Images will be read from the directory structure under the given folder. Features will be stored in a pickled dataframes in files train.pk, validation.pk and test.pk in the given folder.

Train model using precomputed CLIP features

A random forest classifier can be trained on precomputed CLIP features. To do so run:

python train_random_forest_on_precomputed_features.py --data_base_path=my_data_folder/ --number_of_trees=50

or append > output.txt if the output needs to be stored in a text file instead of printed to screen.

This will train a classifier, score it using a validation set, print the scores to screen (or to a text file) and save the model in the data folder.

train model using precomputed ResNet50 features

A neural network classifier can be trained on the precomputed ResNet50 features (or CLIP features, or both types combined). To do this, run:

python train_on_precomputed_features.py --data_base_path=data_folder/ --batch_size=32 --feature_type=clip --learning_rate=0.0001 --dropout_rate=0 --epochs=500 --lr_decay=0

This will train a model and save it to disk. Note the hyperparameters learning_rate, dropout_rate, epochs and lr_decay. Their explanations are outside the scope of this text but can be found in deep learning tutorials. The model will be written into a folder containing several files. The model can be validated using the notebook performance_fine_tune_clip.ipynb.

Clip zero shot classifier

Using CLIP from openAI, we can do zero-shot classification, meaning that we don't use any training data. This classifier has the worst classification performance by far, but it is amazing that it sort of works at all given the absence of any training on our dataset. See notebook performance_clip_zero_shot.ipynb.

Train resnet50 on images (inefficient)

A model can be trained directly on the images using a ResNet50 model as a basis. This gives options for fine tuning of the ResNet50 model or using on-the-fly augmentation of images. Neither fine tuning or image augmentation was performed/implemented within this project, so running this doesn't have any benefits over the other options.
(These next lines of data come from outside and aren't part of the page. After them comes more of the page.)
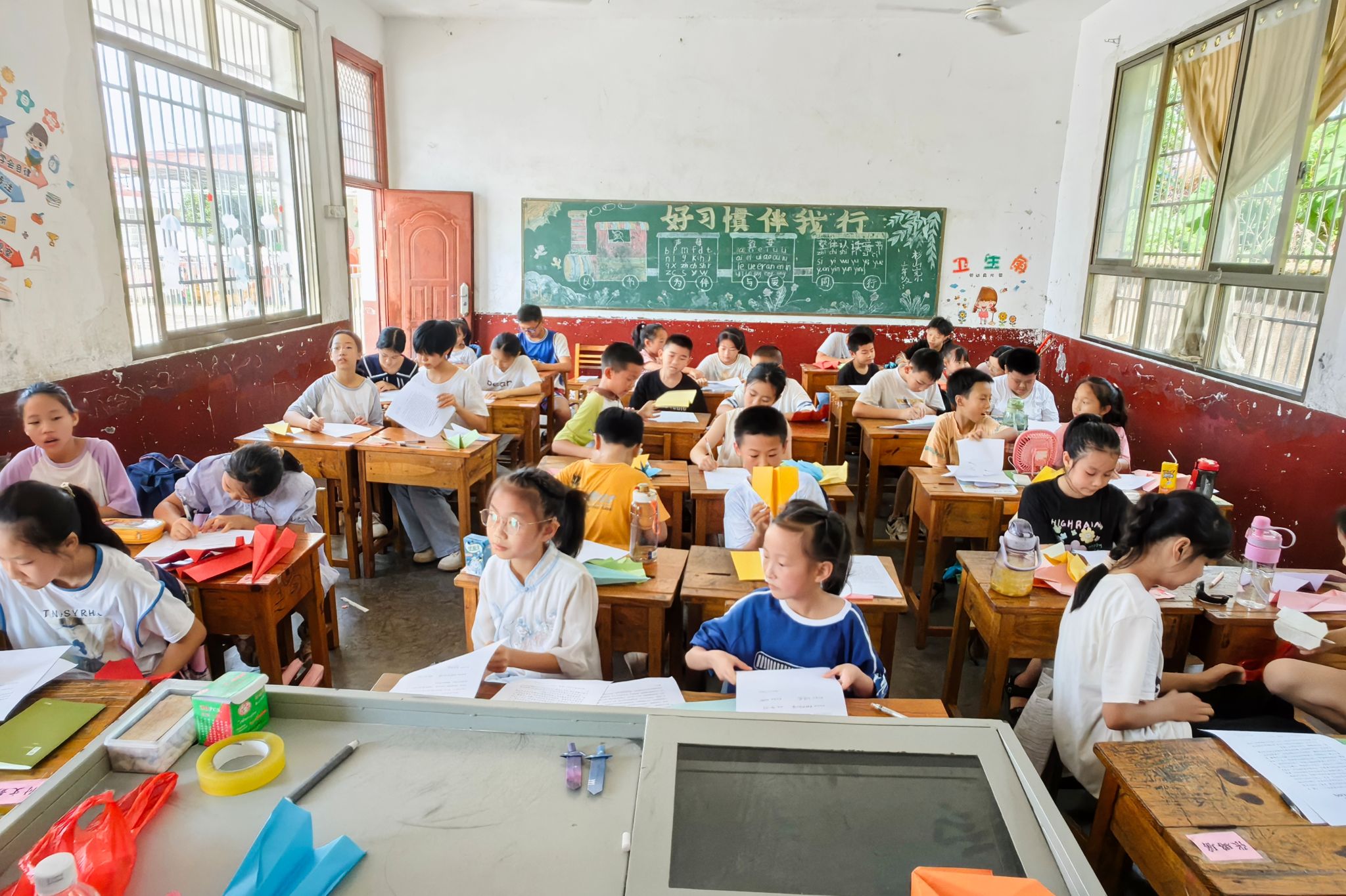孩子们学习折纸飞机
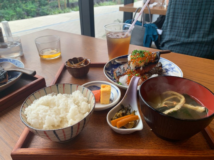 「ごはん」「銀鮭いくら」「味噌汁」「小鉢(きんぴらごぼう)」「お新香(辛子高菜、人参)」「明太子、卵焼き」これだけお盆にのってききたので1500円は、むしろコスパいい!!!
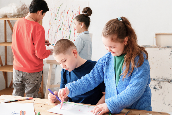 Bright and inspiring space designed to cultivate creativity, from painting and sculpture to digital arts for the children artistic quirk.
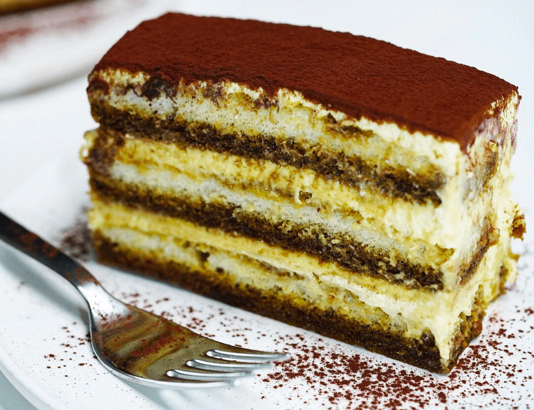 Classic tiramisu, with mascarpone cheese layered between coffee (or rum!) soaked lady fingers.

For this option, using a GPU is highly recommended.

train_model_on_features.py --batch_size=16 --data_base_path=data_folder/ --dropout_rate=0.95 --epochs=50 --learning_rate=0.0003 --lr_decay=0.0001 --use_augmentation=False

Several model files will be saved to a into a folder. The model can be validated using the notebook performance_fine_tuned_resnet.ipynb.

Where is the best model?

The best performing model is stored in ./clip_features_model_kf5cnvvi. It is a small neural network trained on precomputed clip features. To run it on a new image you first need to precompute features from the image using clip. Then the model can be run using those features as done in performance_fine_tune_clip.ipynb.